Model gradients can't be changed

Imran_Rashid · March 20, 2020, 3:21pm

I am trying to modify my gradients by multiplying them by a constant. As a test, I multiply the gradients by zero, so I expect that the losses should stay constant.

However it looks like the model still updates the weights of the network even though I have tried to force the weights gradients to be zero.

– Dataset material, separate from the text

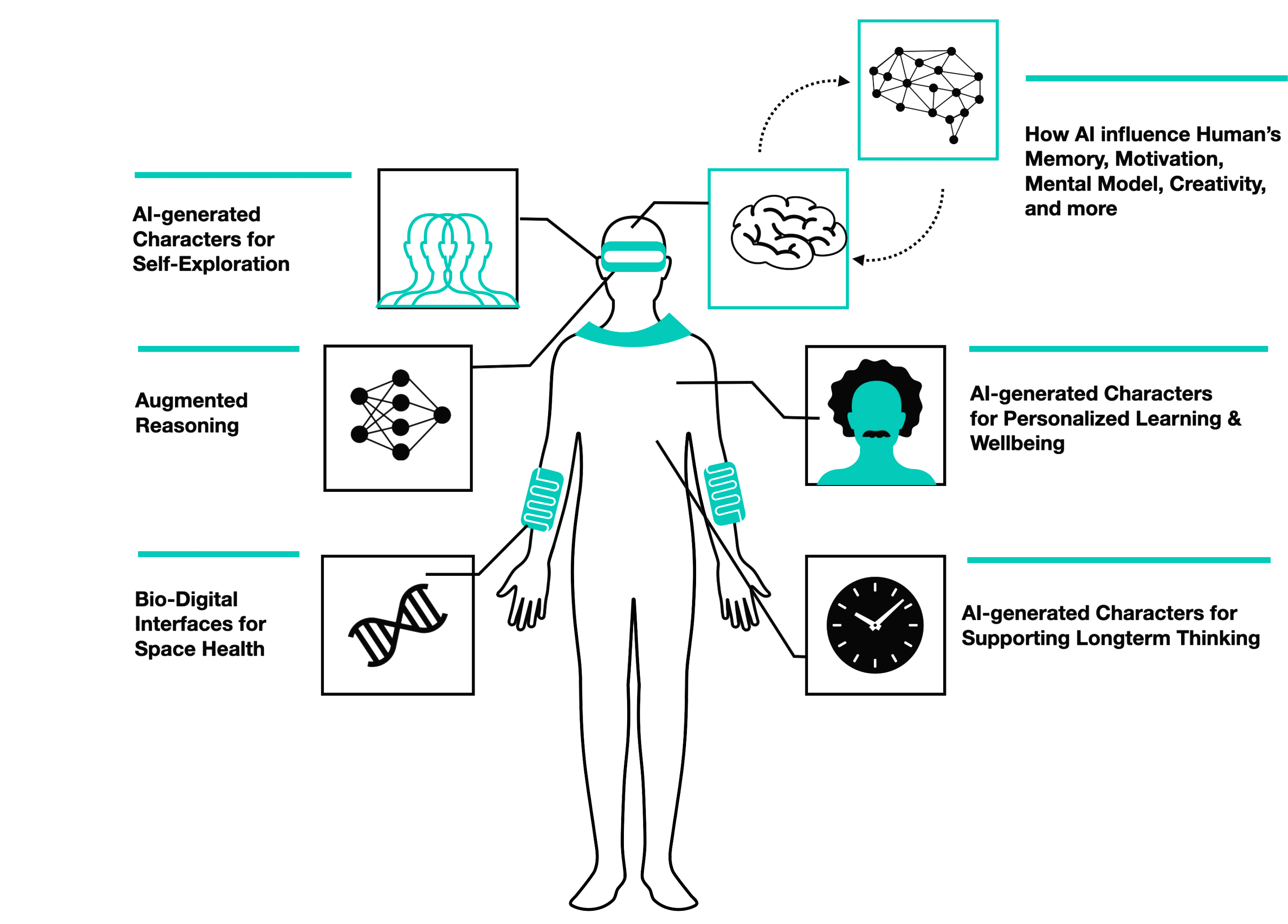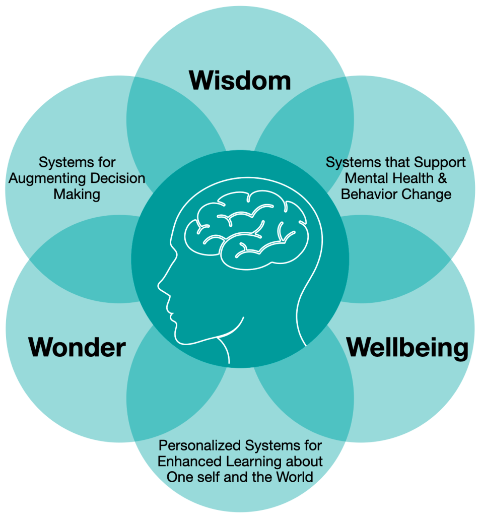 Building on these insights, I then developed and evaluated novel technical implementations supporting three key areas of human development: wisdom cultivation, wonder nurturing, and well-being prioritization. This included “Future You,” a conversational AI system using LLMs and StyleGAN to create personalized future self-interactions that demonstrated significant benefits for anxiety and motivation across 188 participants and reached over 60,000 users globally (published in IEEE Frontiers in Education 2024 and NeurIPS Creative AI 2024), as well as the “Wearable Reasoner” system that achieved 85% accuracy in real-time argument analysis (ACM Augmented Humans 2022) and evolved into an AI Socratic mentor shown to enhance critical thinking capabilities (ACM CHI 2024).

Why aren’t the gradients being updated?

GRADIENT_MULTIPLIER = 0.
model.train()
for epoch in range(100):
    for ind, (input_data,labels) in enumerate(train_iterator):
        optimizer.zero_grad()

        logits = model(input_data,labels)
        loss = model.loss(logits, labels)

        loss.backward()
        
        for p in model.parameters():
            p.grad *= GRADIENT_MULTIPLIER

        global_norm = np.sqrt(sum([torch.sum(w.grad**2).item() for w in model.parameters()]))
        print(f"global_norm2 : {global_norm}")
        
        optimizer.step()

        print(f"loss : {loss.data}")

Outputs are:

global_norm : 0.0
loss : 0.6851892471313477
global_norm : 0.0
loss : 0.6985365748405457
global_norm : 0.0
loss : 0.6622101664543152
global_norm : 0.0
loss : 0.45273280143737793
global_norm : 0.0
loss : 0.8967741131782532
global_norm : 0.0
loss : 0.28941503167152405

albanD · March 20, 2020, 4:03pm

Hi,

What is your optimizer? Note that some optimizers will still change the weights even for 0 gradients (for example when weight decay is used).

Imran_Rashid · March 20, 2020, 4:09pm

I’m using Adam for my optimizer. Specifically: optimizer = torch.optim.Adam(model.parameters(), lr=1e-4)

albanD · March 20, 2020, 4:12pm

For Adam, if any “momentum-like” term is non-zero, then you will update the weights even with a gradient of 0. So this is expected.